■ What this task involves
In the records below, reproduce exactly the lines from the one containing "A late George" through the one containing "Portugal em Foco, Rio", both included, and omit the pictures.

■ Entries provided
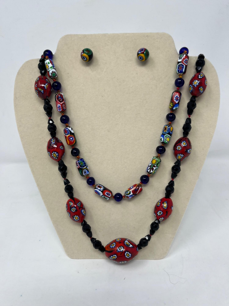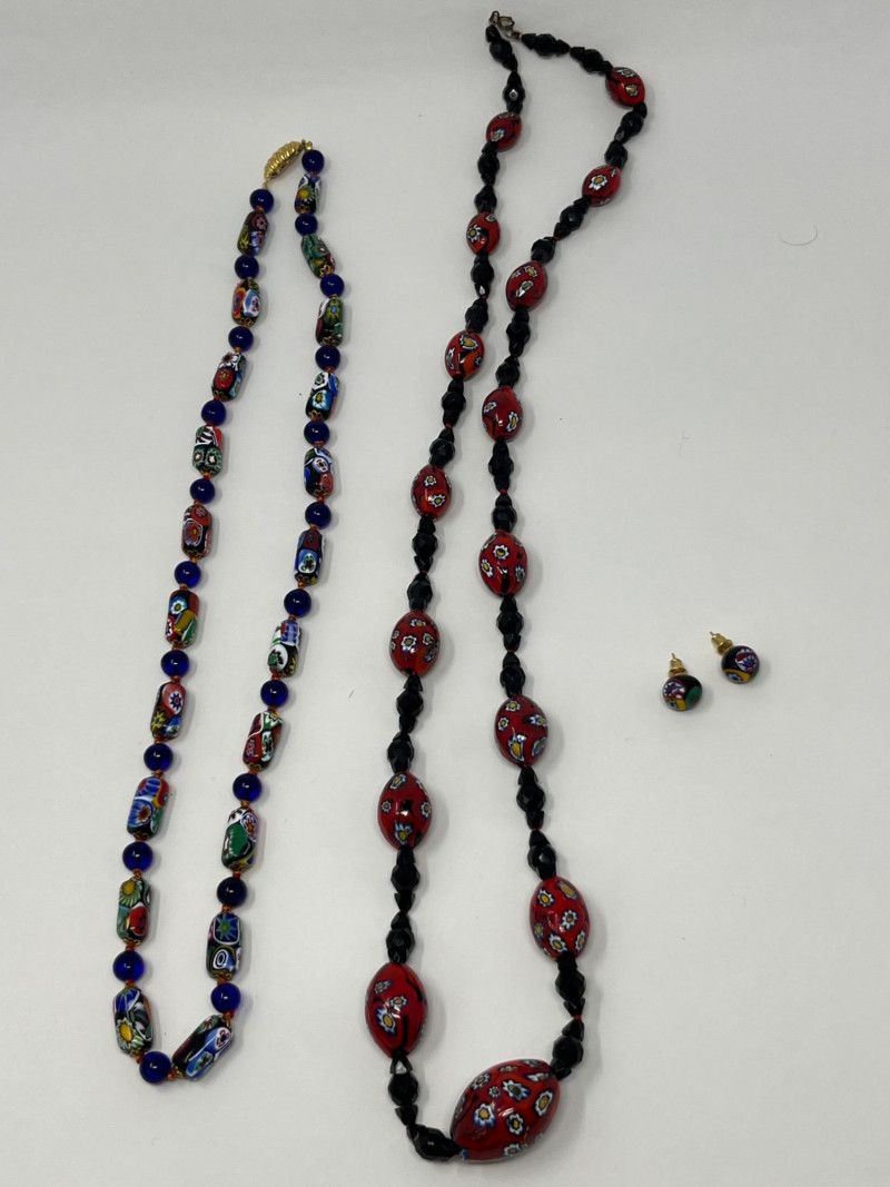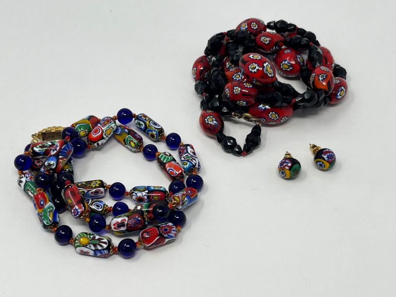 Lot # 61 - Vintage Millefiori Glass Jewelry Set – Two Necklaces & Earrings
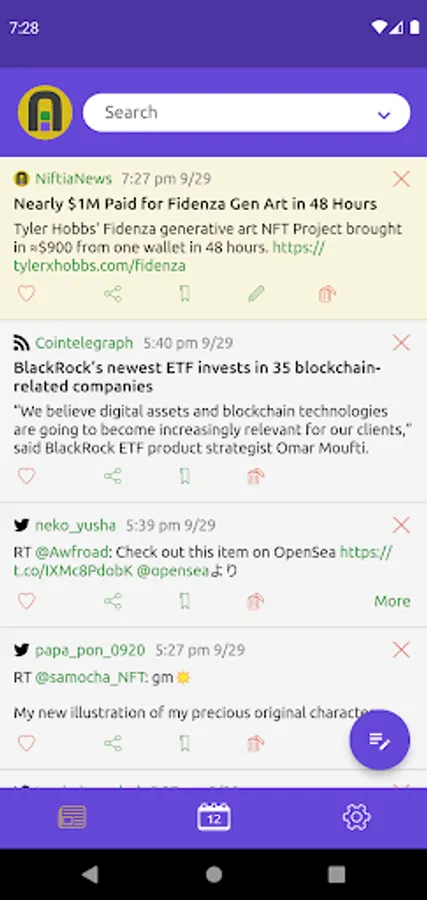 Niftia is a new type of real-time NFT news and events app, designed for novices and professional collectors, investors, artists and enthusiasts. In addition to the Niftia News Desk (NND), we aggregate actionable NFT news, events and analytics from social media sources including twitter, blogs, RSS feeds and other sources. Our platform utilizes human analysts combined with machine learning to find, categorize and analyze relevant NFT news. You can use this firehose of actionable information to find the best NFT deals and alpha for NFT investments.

--

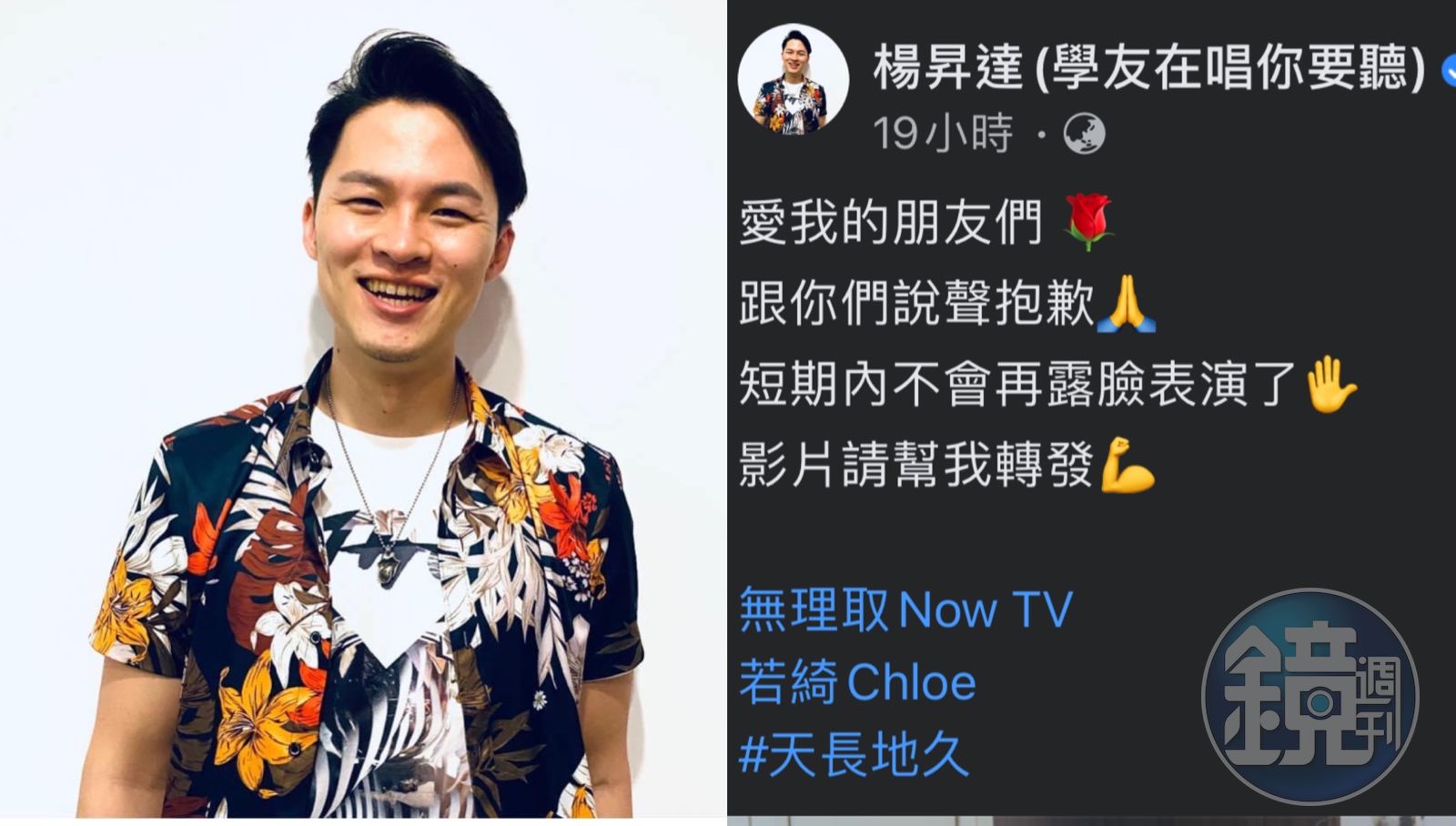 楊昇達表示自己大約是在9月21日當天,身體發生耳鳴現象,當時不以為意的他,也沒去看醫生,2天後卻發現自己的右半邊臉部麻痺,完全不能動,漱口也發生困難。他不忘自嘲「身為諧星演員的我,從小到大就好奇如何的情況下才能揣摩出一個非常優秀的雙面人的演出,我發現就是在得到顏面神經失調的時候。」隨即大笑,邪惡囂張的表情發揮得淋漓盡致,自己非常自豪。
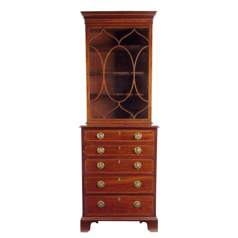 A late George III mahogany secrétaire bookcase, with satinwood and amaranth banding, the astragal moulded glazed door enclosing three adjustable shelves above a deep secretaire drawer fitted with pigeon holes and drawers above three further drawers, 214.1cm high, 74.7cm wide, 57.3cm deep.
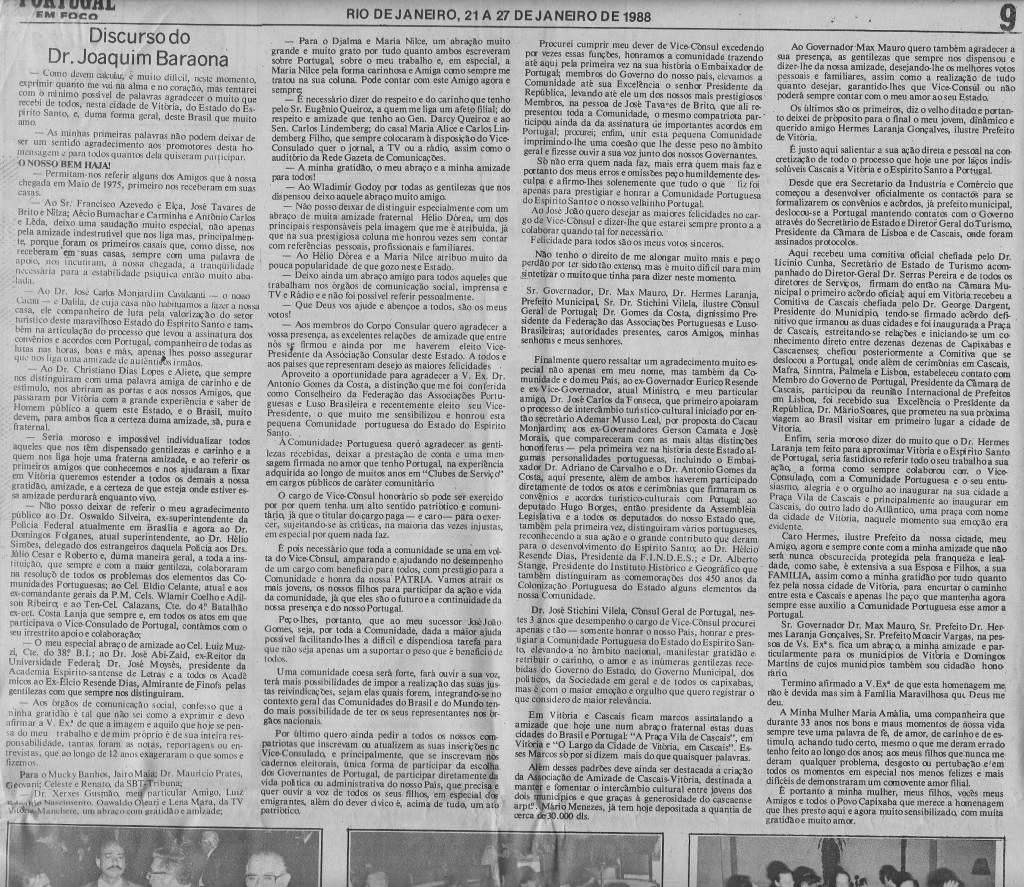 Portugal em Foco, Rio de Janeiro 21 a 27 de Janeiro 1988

■ Response to this exercise
 A late George III mahogany secrétaire bookcase, with satinwood and amaranth banding, the astragal moulded glazed door enclosing three adjustable shelves above a deep secretaire drawer fitted with pigeon holes and drawers above three further drawers, 214.1cm high, 74.7cm wide, 57.3cm deep.
 Portugal em Foco, Rio de Janeiro 21 a 27 de Janeiro 1988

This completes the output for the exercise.